_PROVIDED MATERIAL:_
· · · · · · ·
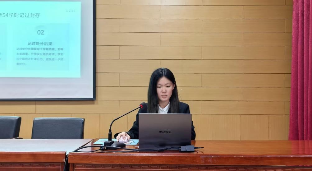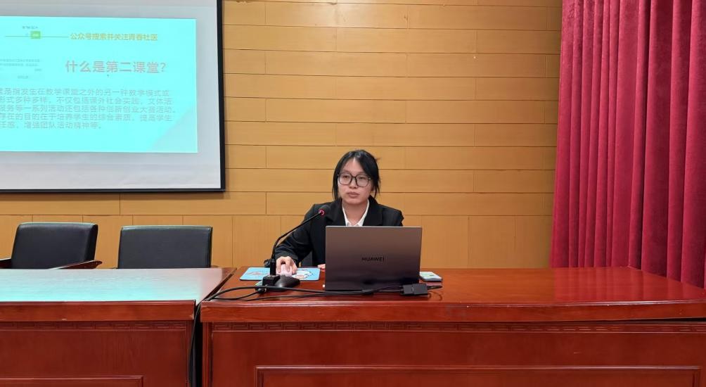 刘婷婷同学对“第二课堂”进行深入解读。她阐述了第二课堂在大学生综合素质培养中的重要意义,讲解了第二课堂学分认定标准、活动参与方式及学分获取途径。她表示,第二课堂是第一课堂的延伸和补充,希望新生们积极参与各类校园文化活动、社会实践和志愿服务,全面发展,丰富大学生活体验。
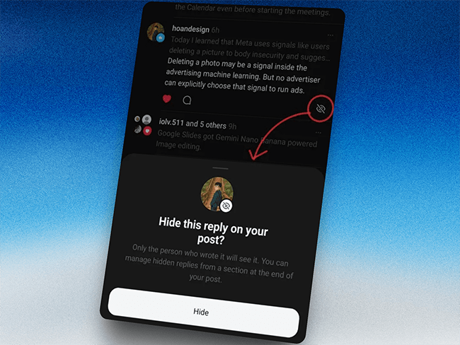 Threads låter användare dölja oönskade svar direkt från aktivitetsfliken genom att trycka på en ögonikon.
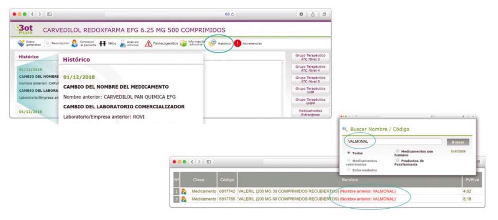Además de la información que se incluye en los listados mensuales publicados en PAM, en BOT PLUS se incluye un apartado de Histórico, en las fichas de medicamentos, en el que se presenta información referente a cambios que haya sufrido anteriormente el medicamento o producto, entre otros, los cambios de nombre y los cambios de laboratorio. Esta información también está disponible para productos sanitarios financiados o dietoterápicos.
· · · · · · ·
_WHAT IS EXPECTED:_ I would like the data above transcribed exactly, with its pictures left out.

_TASK SOLUTION:_
 刘婷婷同学对“第二课堂”进行深入解读。她阐述了第二课堂在大学生综合素质培养中的重要意义,讲解了第二课堂学分认定标准、活动参与方式及学分获取途径。她表示,第二课堂是第一课堂的延伸和补充,希望新生们积极参与各类校园文化活动、社会实践和志愿服务,全面发展,丰富大学生活体验。
 Threads låter användare dölja oönskade svar direkt från aktivitetsfliken genom att trycka på en ögonikon.
Además de la información que se incluye en los listados mensuales publicados en PAM, en BOT PLUS se incluye un apartado de Histórico, en las fichas de medicamentos, en el que se presenta información referente a cambios que haya sufrido anteriormente el medicamento o producto, entre otros, los cambios de nombre y los cambios de laboratorio. Esta información también está disponible para productos sanitarios financiados o dietoterápicos.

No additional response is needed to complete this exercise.